Woke up this morning at 4:30, wide-awake. My mind was telling me to get up and hit the river, but my body was telling me to rest and take a day off. The body won the battle so will rest up, go vote in city election today, and get ready for the river tomorrow. Will be out there with the pescador's chasing the pescado's at the crack of day. Weather just beautiful right now for early morning on the water.


----------



## jcoss15 (Oct 11, 2010)

Slabs! I'm hitting it Friday morning at cowford island hoping to find some big ones....


----------



## FishWalton (Jul 22, 2010)

*cowford*

Cowford shoud be good Friday. I got a report this morning that 2 guys from 
Geneva fished out of Cowford yesterday and limited out on bream.


----------



## jcoss15 (Oct 11, 2010)

fishwalton said:


> Cowford shoud be good Friday. I got a report this morning that 2 guys from
> Geneva fished out of Cowford yesterday and limited out on bream.

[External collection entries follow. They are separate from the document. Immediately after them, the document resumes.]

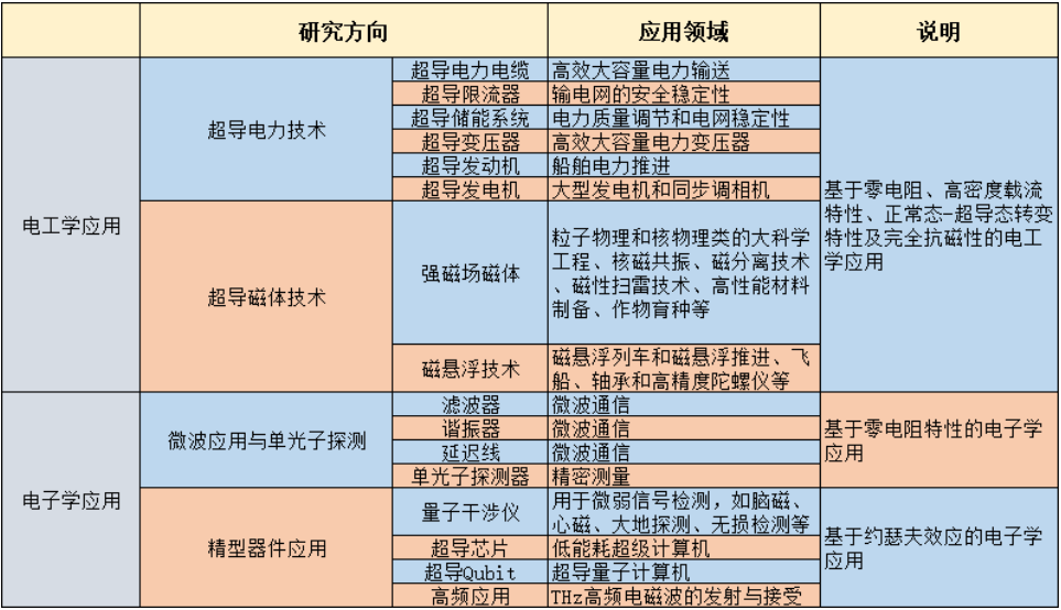 下面这张图表,较为客观地总结了高温超导的应用场景。
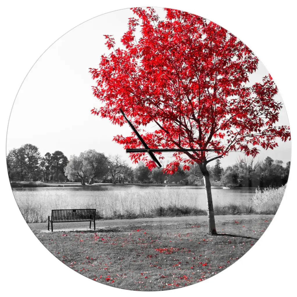 A beautiful addition to any home or office, this Modern & Contemporary round wall clock is made on 100% solid aluminum. It has a highly reflective glossy finish creating a sleek modern look. This Big Red Tree on Foggy Day wall clock arrives completely ready to hang on the wall. Simply insert the �AAA� battery included with your order.Available in several size, this Modern Oversized Clock makes it the focal point of any room.Features - Ultra Gloss Coating ensures colors are extra vibrant with light reflection. - 1mm Aluminum grade sheet metal. - 1-inch mounting frame gives the illusion of artwork floating on the wall. - Mounting brackets and instructions are included. - High quality digital images are created directly into a glossy aluminum panel, producing a stunning and captivating print in the glossy finish of the metal. - Looks better than any photo paper and guaranteed to last at least 20 years. - Easy to clean with a microfiber cloth. - "AAA" battery included with your order. - Easy to hang. - Style: Modern & Contemporary - Material: Metal - Shape: RoundSee Options drop down for available sizes.
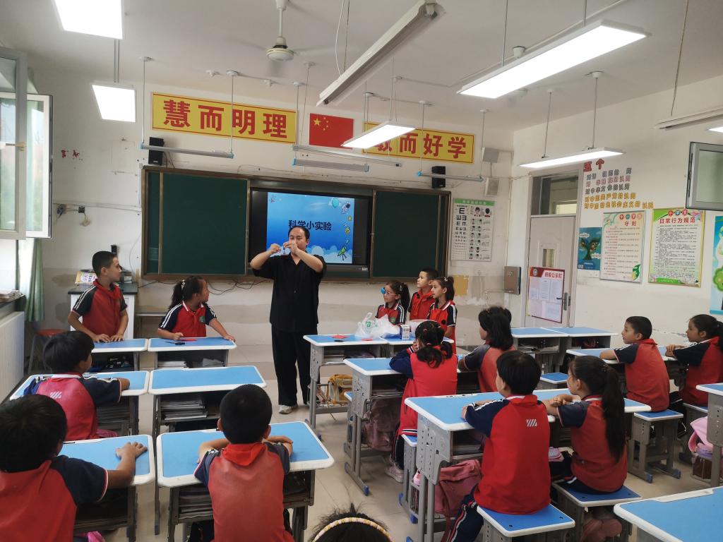 教室課堂上,科技志愿者熱情地與學生們互動,和學生們共同用科普資源包做有趣的物理實驗,同學們踴躍地參與其中。科技志愿者與現場隨機挑選的5位學生一起做了“電磁小風車”實驗,通過磁場對導體的力的作用使風扇轉動這一有趣現象來激發學生對物理的興趣。學生們對實驗過程中的每一步都非常投入,不懂的地方會主動和科技志愿者溝通,此外同學們還觀看了大疆TT無人機編隊表演。學生們暢游在浩瀚的科學海洋當中,歡呼如今科學進步之快,同時也隱隱在心中埋下學習和探索科學的種子。
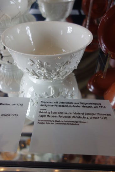 Weißes Porzellan erreicht erst um 1713 eine marktfähige Qualität. Dieses frohe Porzellan, das Böttgerporzellan, hat noch einen leicht gelblichen Farbton, hervorgerufen vom anfangs als Flussmittel verwendeten Kalk. Erst als man Kalk durch Feldspat ersetzt, gelingt in den frühen 1720er Jahren - nach Böttgers Tod - die Herstellung eines reinweißen Scherbens.

Keeping my fingers crossed, were yall fishing on the bottom?


----------



## kevin32435 (Apr 17, 2008)

Nice catch! the bream bit was pretty good in the little sisters yesterday not as good as what you did though, saw a lot of fish striking along the banks crickets and fly rods were spotty but you could take some nice fish here and there


----------



## FishWalton (Jul 22, 2010)

For most of the catch We were using crickets and fishing about 4 ft deep in 5 to 7 ft water in the main river. But we also caught a few in about 8 ft in 10 ft water. 

We saw a good bit of activityalong the banks as well as Kevin and out away from the banks too. The river was alive.


----------